The loudspeaker units are preferably arranged one behind the other,
such that the sound waves generated by the rear loudspeaker unit
have to be passed through the front loudspeaker.
[0018] The shielding wall of the first loudspeaker unit preferably
comprises at least one through-channel extending in its
longitudinal direction, through which sound waves of the second
loudspeaker unit, in particular from one of its two hollow plenums,
can be led through and/or to the sound outlet. It is possible to
arrange a multiple number of pairs of MEMS loudspeakers in a
space-saving manner within a housing, in particular one behind the
other.
[0019] The two hollow plenums of the second loudspeaker unit are
advantageously separated from each other by means of a second
shielding wall, and are each connected to the one common
sound-conducting channel by means of a separate through-channel of
the first shielding wall. Thus, the sound waves of the MEMS
loudspeakers of the second loudspeaker unit can be decoupled from
each other and conducted in the direction of the sound-conducting
channel without influencing the sound waves of the first
loudspeaker unit.
[0020] An additional advantage is that the shielding walls of the
two loudspeaker units are arranged in a manner relative to each
other and/or coaxial to the sound-conducting channel, since this
can reduce production costs.
BRIEF DESCRIPTION OF THE DRAWINGS
[0021] Further advantages of the invention are described in the
following embodiments. The following is shown:
[0022] FIG. 1 a perspective view of a first embodiment of the
loudspeaker arrangement in which the smaller dashed lines
schematically represent features otherwise hidden from the viewer's
perspective and the larger dashed lines schematically represent the
horizontally extending sectioning plane along which the sectional
view depicted in FIG. 2 is taken,
[0023] FIG. 2 a side sectional view of the loudspeaker arrangement
of the embodiment in FIG. 1 with two MEMS loudspeakers and a
shielding wall,
[0024] FIG. 3 a second embodiment of the loudspeaker arrangement in
a side sectional view with two loudspeaker units and
[0025] FIG. 4 a third embodiment of the loudspeaker arrangement in
a side sectional view with two loudspeaker units and two
through-channels separated from each other.
DETAILED DESCRIPTION
[0026] FIG. 1 and FIG. 2 show a first embodiment of a loudspeaker
arrangement 1 in a schematic view (FIG. 1) and in a top view (FIG.

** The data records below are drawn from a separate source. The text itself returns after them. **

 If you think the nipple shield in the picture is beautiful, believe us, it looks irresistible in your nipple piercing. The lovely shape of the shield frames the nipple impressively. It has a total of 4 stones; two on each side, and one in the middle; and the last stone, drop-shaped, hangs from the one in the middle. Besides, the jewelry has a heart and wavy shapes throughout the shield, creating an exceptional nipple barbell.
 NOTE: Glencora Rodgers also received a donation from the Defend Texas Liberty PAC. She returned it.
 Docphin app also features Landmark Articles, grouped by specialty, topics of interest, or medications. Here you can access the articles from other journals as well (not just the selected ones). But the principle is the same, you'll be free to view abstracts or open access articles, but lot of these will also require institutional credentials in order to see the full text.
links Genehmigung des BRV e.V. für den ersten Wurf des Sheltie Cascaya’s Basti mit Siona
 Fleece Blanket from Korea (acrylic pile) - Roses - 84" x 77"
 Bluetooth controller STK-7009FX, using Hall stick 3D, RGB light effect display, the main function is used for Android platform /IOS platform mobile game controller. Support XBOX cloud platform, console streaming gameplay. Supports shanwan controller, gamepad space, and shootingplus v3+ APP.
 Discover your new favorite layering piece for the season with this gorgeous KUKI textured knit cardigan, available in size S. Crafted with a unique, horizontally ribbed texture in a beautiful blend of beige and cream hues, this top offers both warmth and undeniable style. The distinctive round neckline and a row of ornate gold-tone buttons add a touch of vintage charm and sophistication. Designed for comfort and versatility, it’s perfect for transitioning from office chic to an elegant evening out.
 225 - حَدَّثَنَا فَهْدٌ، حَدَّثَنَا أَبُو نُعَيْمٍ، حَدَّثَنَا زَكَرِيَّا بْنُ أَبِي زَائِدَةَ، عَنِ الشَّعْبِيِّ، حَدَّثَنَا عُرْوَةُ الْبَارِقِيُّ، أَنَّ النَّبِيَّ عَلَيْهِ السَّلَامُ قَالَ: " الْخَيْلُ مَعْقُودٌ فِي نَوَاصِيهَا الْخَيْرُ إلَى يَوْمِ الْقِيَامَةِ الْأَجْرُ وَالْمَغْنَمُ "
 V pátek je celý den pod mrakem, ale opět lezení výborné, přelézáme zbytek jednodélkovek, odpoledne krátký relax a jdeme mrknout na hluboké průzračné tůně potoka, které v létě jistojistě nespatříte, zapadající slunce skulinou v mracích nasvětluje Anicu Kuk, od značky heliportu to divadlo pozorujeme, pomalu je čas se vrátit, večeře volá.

2) taken in a section cut by a horizontally extending plane
schematically represented in FIG. 1 by the larger dashed lines. The
loudspeaker arrangement 1 comprises a housing 2, two MEMS
loudspeakers 5a, 5b and a shielding wall 7. At this, the housing 2
comprises two housing halves 17a, 17b, each of which preferably
receives a respective one of the two MEMS loudspeakers 5a, 5b.
Furthermore, the loudspeaker arrangement 1 features a
sound-conducting hollow 3 and a sound outlet 4, which is arranged
at the end of a sound-conducting channel 12.
[0027] The two MEMS loudspeakers 5a, 5b are arranged opposite to
each other and spaced apart from each other through the
sound-conducting hollow 3 in the interior of the housing 2, in
particular in each case in a housing half 17a, 17b. The
sound-conducting hollow 3 is subdivided into a first and second
hollow plenum 8, 9, each of which is disposed between the shielding
wall 7 and a respective one of the two MEMS loudspeakers 5a, 5b.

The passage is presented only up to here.